_Task directions_.
The first line of the entries is where the copy starts and the line with "The Beatriz Ball" is where it ends; set down each line exactly, both ends included, and drop pictures.

------------------------------------------------------------------------

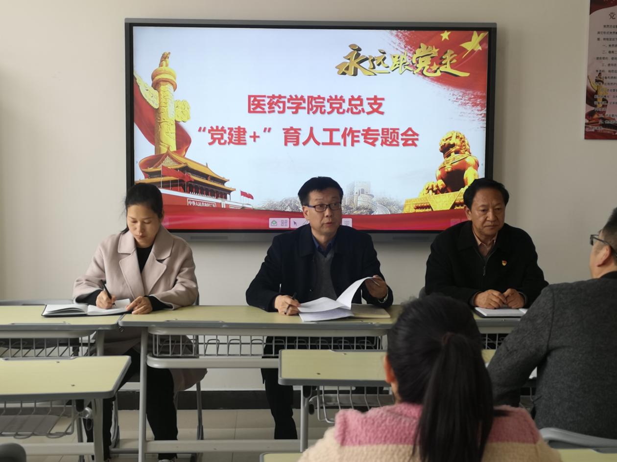 为了深入贯彻习近平总书记在全国高校思想政治工作会议上的讲话精神,医药学院党总支勇于探索新时代党建工作与学生工作的结合点,创新"党建+"育人工作理念。4月1日中午,医药学院党总支在408会议室召开“党建+”育人工作专题会议,学院全体党员教师参加了会议。
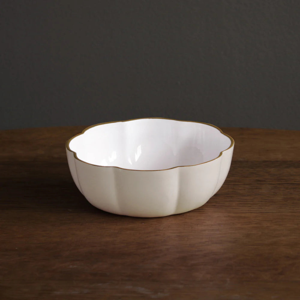 The Beatriz Ball Encanto Devon Cream and White Mini Bowl is a beautiful blend of timeless design and vibrant craftsmanship. With its scalloped shape, brilliant two-toned enameled finish, and gold-rimmed edges, this small yet versatile bowl adds a touch of elegance to any setting.
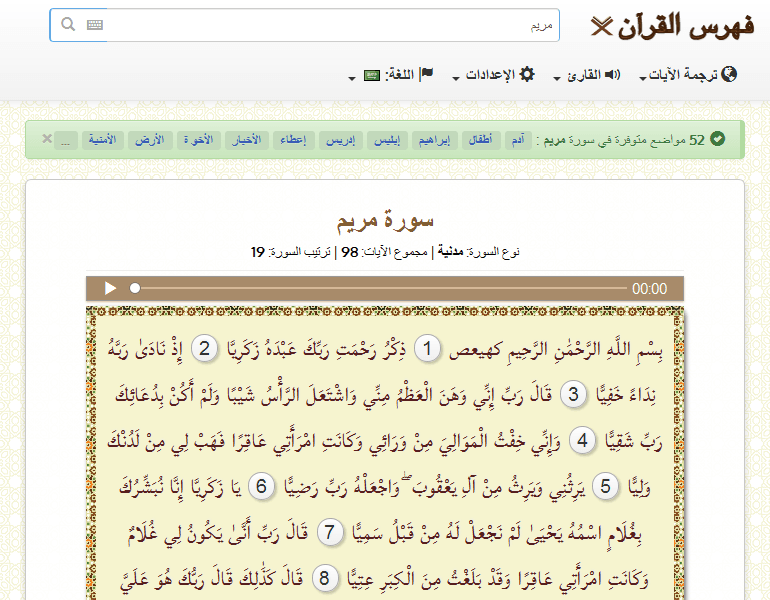 بِسْمِ اللَّهِ الرَّحْمَٰنِ الرَّحِيمِ كهيعص1ذِكْرُ رَحْمَتِ رَبِّكَ عَبْدَهُ زَكَرِيَّا2إِذْ نَادَىٰ رَبَّهُ نِدَاءً خَفِيًّا3قَالَ رَبِّ إِنِّي وَهَنَ الْعَظْمُ مِنِّي وَاشْتَعَلَ الرَّأْسُ شَيْبًا وَلَمْ أَكُنْ بِدُعَائِكَ رَبِّ شَقِيًّا4وَإِنِّي خِفْتُ الْمَوَالِيَ مِنْ وَرَائِي وَكَانَتِ امْرَأَتِي عَاقِرًا فَهَبْ لِي مِنْ لَدُنْكَ وَلِيًّا5يَرِثُنِي وَيَرِثُ مِنْ آلِ يَعْقُوبَ ۖ وَاجْعَلْهُ رَبِّ رَضِيًّا6يَا زَكَرِيَّا إِنَّا نُبَشِّرُكَ بِغُلَامٍ اسْمُهُ يَحْيَىٰ لَمْ نَجْعَلْ لَهُ مِنْ قَبْلُ سَمِيًّا7قَالَ رَبِّ أَنَّىٰ يَكُونُ لِي غُلَامٌ وَكَانَتِ امْرَأَتِي عَاقِرًا وَقَدْ بَلَغْتُ مِنَ الْكِبَرِ عِتِيًّا8قَالَ كَذَٰلِكَ قَالَ رَبُّكَ هُوَ عَلَيَّ هَيِّنٌ وَقَدْ خَلَقْتُكَ مِنْ قَبْلُ وَلَمْ تَكُ شَيْئًا9قَالَ رَبِّ اجْعَلْ لِي آيَةً ۚ قَالَ آيَتُكَ أَلَّا تُكَلِّمَ النَّاسَ ثَلَاثَ لَيَالٍ سَوِيًّا10فَخَرَجَ عَلَىٰ قَوْمِهِ مِنَ الْمِحْرَابِ فَأَوْحَىٰ إِلَيْهِمْ أَنْ سَبِّحُوا بُكْرَةً وَعَشِيًّا11يَا يَحْيَىٰ خُذِ الْكِتَابَ بِقُوَّةٍ ۖ وَآتَيْنَاهُ الْحُكْمَ صَبِيًّا12وَحَنَانًا مِنْ لَدُنَّا وَزَكَاةً ۖ وَكَانَ تَقِيًّا13وَبَرًّا بِوَالِدَيْهِ وَلَمْ يَكُنْ جَبَّارًا عَصِيًّا14وَسَلَامٌ عَلَيْهِ يَوْمَ وُلِدَ وَيَوْمَ يَمُوتُ وَيَوْمَ يُبْعَثُ حَيًّا15وَاذْكُرْ فِي الْكِتَابِ مَرْيَمَ إِذِ انْتَبَذَتْ مِنْ أَهْلِهَا مَكَانًا شَرْقِيًّا16فَاتَّخَذَتْ مِنْ دُونِهِمْ حِجَابًا فَأَرْسَلْنَا إِلَيْهَا رُوحَنَا فَتَمَثَّلَ لَهَا بَشَرًا سَوِيًّا17قَالَتْ إِنِّي أَعُوذُ بِالرَّحْمَٰنِ مِنْكَ إِنْ كُنْتَ تَقِيًّا18قَالَ إِنَّمَا أَنَا رَسُولُ رَبِّكِ لِأَهَبَ لَكِ غُلَامًا زَكِيًّا19قَالَتْ أَنَّىٰ يَكُونُ لِي غُلَامٌ وَلَمْ يَمْسَسْنِي بَشَرٌ وَلَمْ أَكُ بَغِيًّا20قَالَ كَذَٰلِكِ قَالَ رَبُّكِ هُوَ عَلَيَّ هَيِّنٌ ۖ وَلِنَجْعَلَهُ آيَةً لِلنَّاسِ وَرَحْمَةً مِنَّا ۚ وَكَانَ أَمْرًا مَقْضِيًّا21۞ فَحَمَلَتْهُ فَانْتَبَذَتْ بِهِ مَكَانًا قَصِيًّا22فَأَجَاءَهَا الْمَخَاضُ إِلَىٰ جِذْعِ النَّخْلَةِ قَالَتْ يَا لَيْتَنِي مِتُّ قَبْلَ هَٰذَا وَكُنْتُ نَسْيًا مَنْسِيًّا23فَنَادَاهَا مِنْ تَحْتِهَا أَلَّا تَحْزَنِي قَدْ جَعَلَ رَبُّكِ تَحْتَكِ سَرِيًّا24وَهُزِّي إِلَيْكِ بِجِذْعِ النَّخْلَةِ تُسَاقِطْ عَلَيْكِ رُطَبًا جَنِيًّا25فَكُلِي وَاشْرَبِي وَقَرِّي عَيْنًا ۖ فَإِمَّا تَرَيِنَّ مِنَ الْبَشَرِ أَحَدًا فَقُولِي إِنِّي نَذَرْتُ لِلرَّحْمَٰنِ صَوْمًا فَلَنْ أُكَلِّمَ الْيَوْمَ إِنْسِيًّا26فَأَتَتْ بِهِ قَوْمَهَا تَحْمِلُهُ ۖ قَالُوا يَا مَرْيَمُ لَقَدْ جِئْتِ شَيْئًا فَرِيًّا27يَا أُخْتَ هَارُونَ مَا كَانَ أَبُوكِ امْرَأَ سَوْءٍ وَمَا كَانَتْ أُمُّكِ بَغِيًّا28فَأَشَارَتْ إِلَيْهِ ۖ قَالُوا كَيْفَ نُكَلِّمُ مَنْ كَانَ فِي الْمَهْدِ صَبِيًّا29قَالَ إِنِّي عَبْدُ اللَّهِ آتَانِيَ الْكِتَابَ وَجَعَلَنِي نَبِيًّا30وَجَعَلَنِي مُبَارَكًا أَيْنَ مَا كُنْتُ وَأَوْصَانِي بِالصَّلَاةِ وَالزَّكَاةِ مَا دُمْتُ حَيًّا31وَبَرًّا بِوَالِدَتِي وَلَمْ يَجْعَلْنِي جَبَّارًا شَقِيًّا32وَالسَّلَامُ عَلَيَّ يَوْمَ وُلِدْتُ وَيَوْمَ أَمُوتُ وَيَوْمَ أُبْعَثُ حَيًّا33ذَٰلِكَ عِيسَى ابْنُ مَرْيَمَ ۚ قَوْلَ الْحَقِّ الَّذِي فِيهِ يَمْتَرُونَ34مَا كَانَ لِلَّهِ أَنْ يَتَّخِذَ مِنْ وَلَدٍ ۖ سُبْحَانَهُ ۚ إِذَا قَضَىٰ أَمْرًا فَإِنَّمَا يَقُولُ لَهُ كُنْ فَيَكُونُ35وَإِنَّ اللَّهَ رَبِّي وَرَبُّكُمْ فَاعْبُدُوهُ ۚ هَٰذَا صِرَاطٌ مُسْتَقِيمٌ36فَاخْتَلَفَ الْأَحْزَابُ مِنْ بَيْنِهِمْ ۖ فَوَيْلٌ لِلَّذِينَ كَفَرُوا مِنْ مَشْهَدِ يَوْمٍ عَظِيمٍ37أَسْمِعْ بِهِمْ وَأَبْصِرْ يَوْم
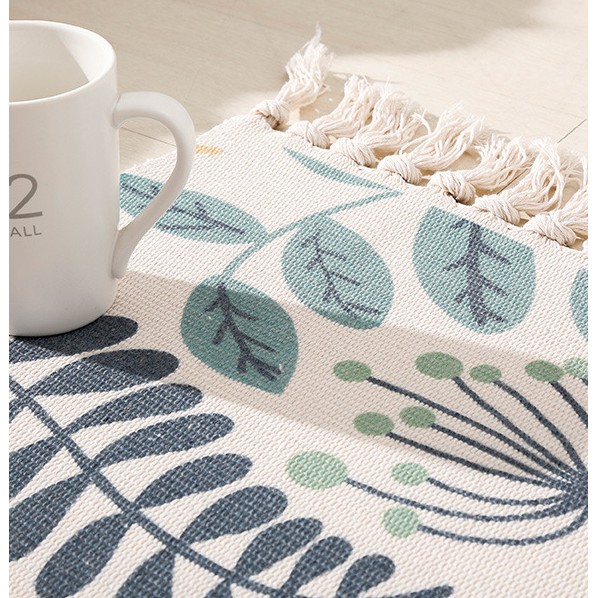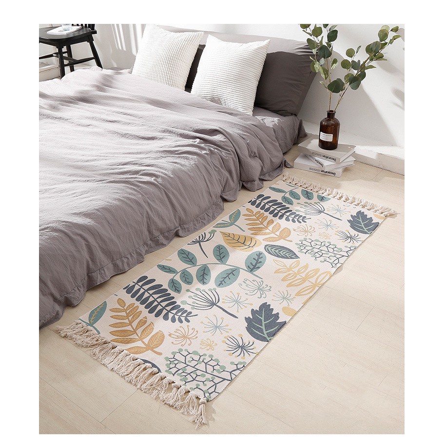 Thảm thổ cẩm trang trí nhà cửa được dệt hoàn toàn thủ công bằng sợi vải cotton tự nhiên, công nghệ nhuộm hoàn toàn bằng chất nhuộm nguồn gốc thực vật, đảm bảo vệ sinh và an toàn trong sử dụngThông số kỹ thuật của thảm:
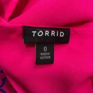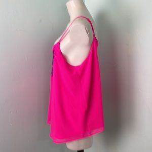 TORRID PLUS SIZE 0X fluorescent pink embroidered purple ribbon strap top
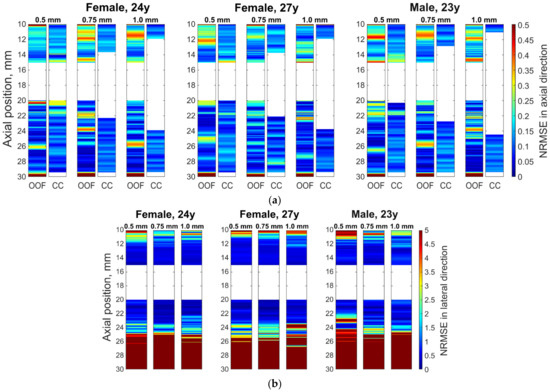 Normalized root mean square errors (NRMSEs) between theoretically defined and estimated motion in the midline of the scanning plane: (a) radial errors in the axial direction; (b) longitudinal errors in the lateral direction. (a,b) Sub-images: three blocks are the estimation errors for the model with three different defined waveforms (of 24 year old female, 27 year old female, and 23 year old male) with columns for maximal peak-to-peak amplitudes of 0.5, 0.75, and 1 mm, respectively. The motion was estimated in the axial direction by 1DCC and by OOF algorithm; motion in lateral direction by the OOF algorithm.
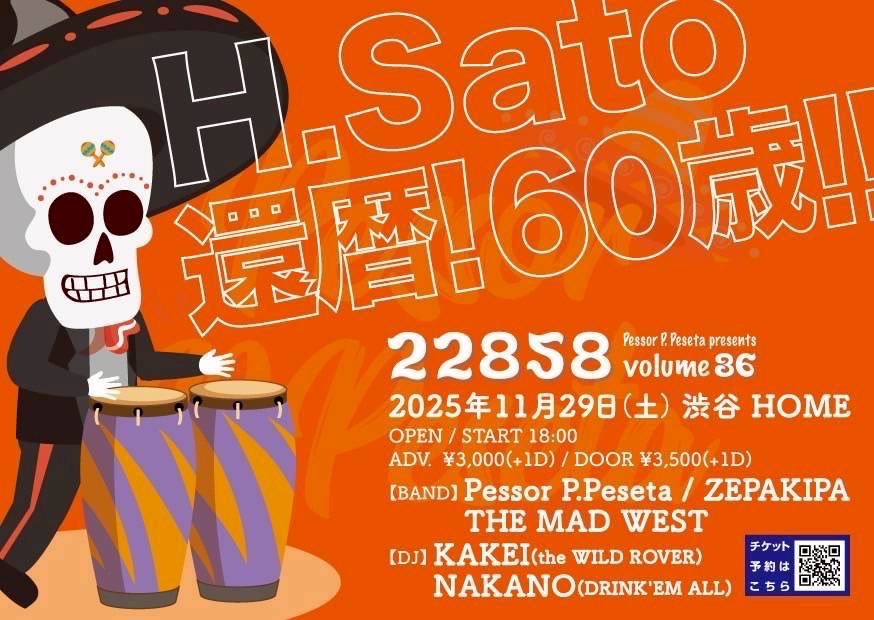 2025.11/29 sat. 渋谷 HOME / shibuya Pessor P.Peseta presents “22858” vol.36 「H.SATO 還暦! 60歳!!」 open/start 18:00 ADV. /DOOR 3000yen (+1D) 【BAND】 Pessor P.Peseta THE MAD WEST ZEPAKIPA 【DJ】 KAKEI(THE WILD ROVER) NAKANO(DRINK'EM ALL) |
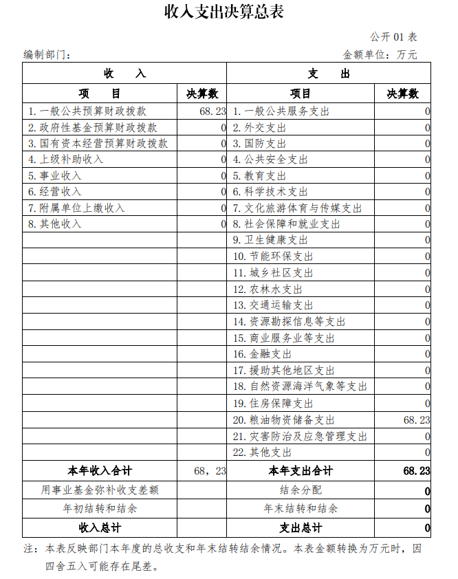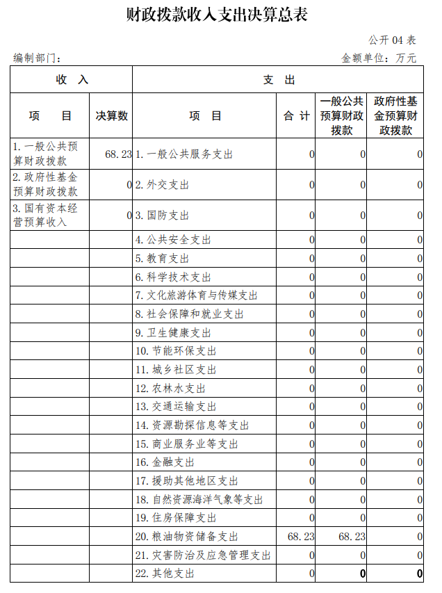 2019年度財政撥款支出年初預算為68.23萬元,支出決算為68.23萬元,完成年初預算的100%。(決算數與預算數持平)
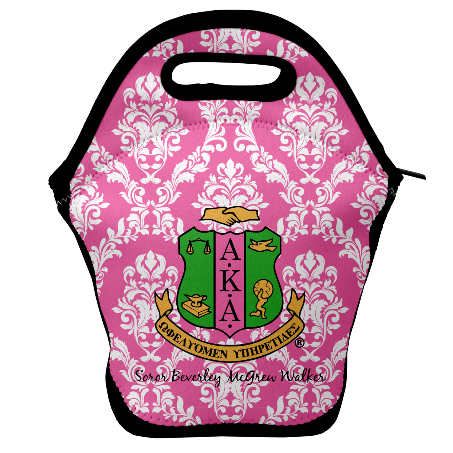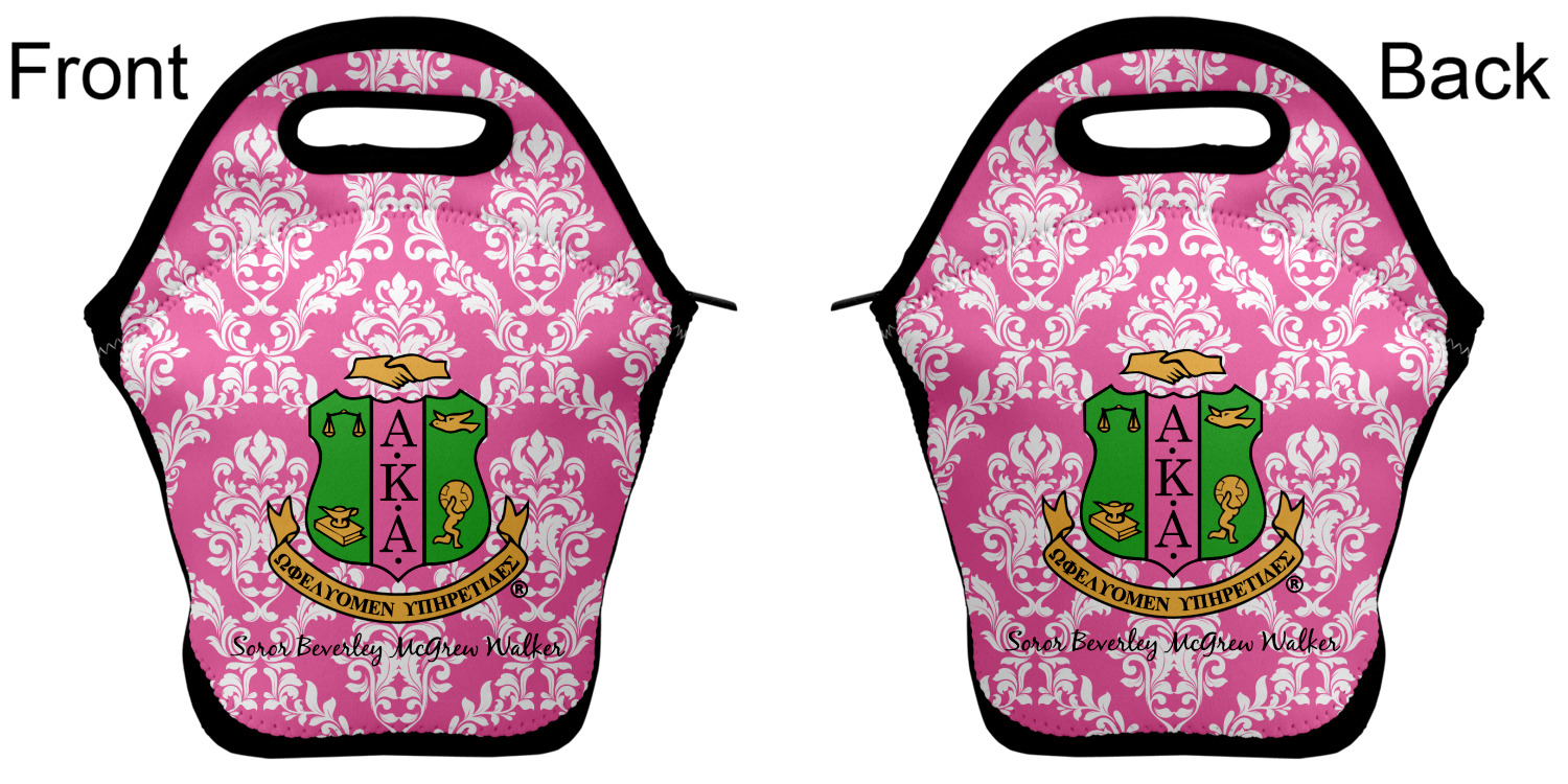 Our personalized lunch bags are made from a strong neoprene, and secure with a zipper closure that lines the top of the bag.The edges of the neoprene are sewn together with a heavy duty stitch, adding to the durability of the bag. The is accompanied by a reinforced handle at its top, for the easy transport of your lunch. We display your personalization across both the front and back of this neoprene lunch bag, while the remaining sides are a sleek black in color. Each bag measures at 13.5 inches tall, and 11.5 inches wide.

------------------------------------------------------------------------

_Answer to this exercise_.
 为了深入贯彻习近平总书记在全国高校思想政治工作会议上的讲话精神,医药学院党总支勇于探索新时代党建工作与学生工作的结合点,创新"党建+"育人工作理念。4月1日中午,医药学院党总支在408会议室召开“党建+”育人工作专题会议,学院全体党员教师参加了会议。
 The Beatriz Ball Encanto Devon Cream and White Mini Bowl is a beautiful blend of timeless design and vibrant craftsmanship. With its scalloped shape, brilliant two-toned enameled finish, and gold-rimmed edges, this small yet versatile bowl adds a touch of elegance to any setting.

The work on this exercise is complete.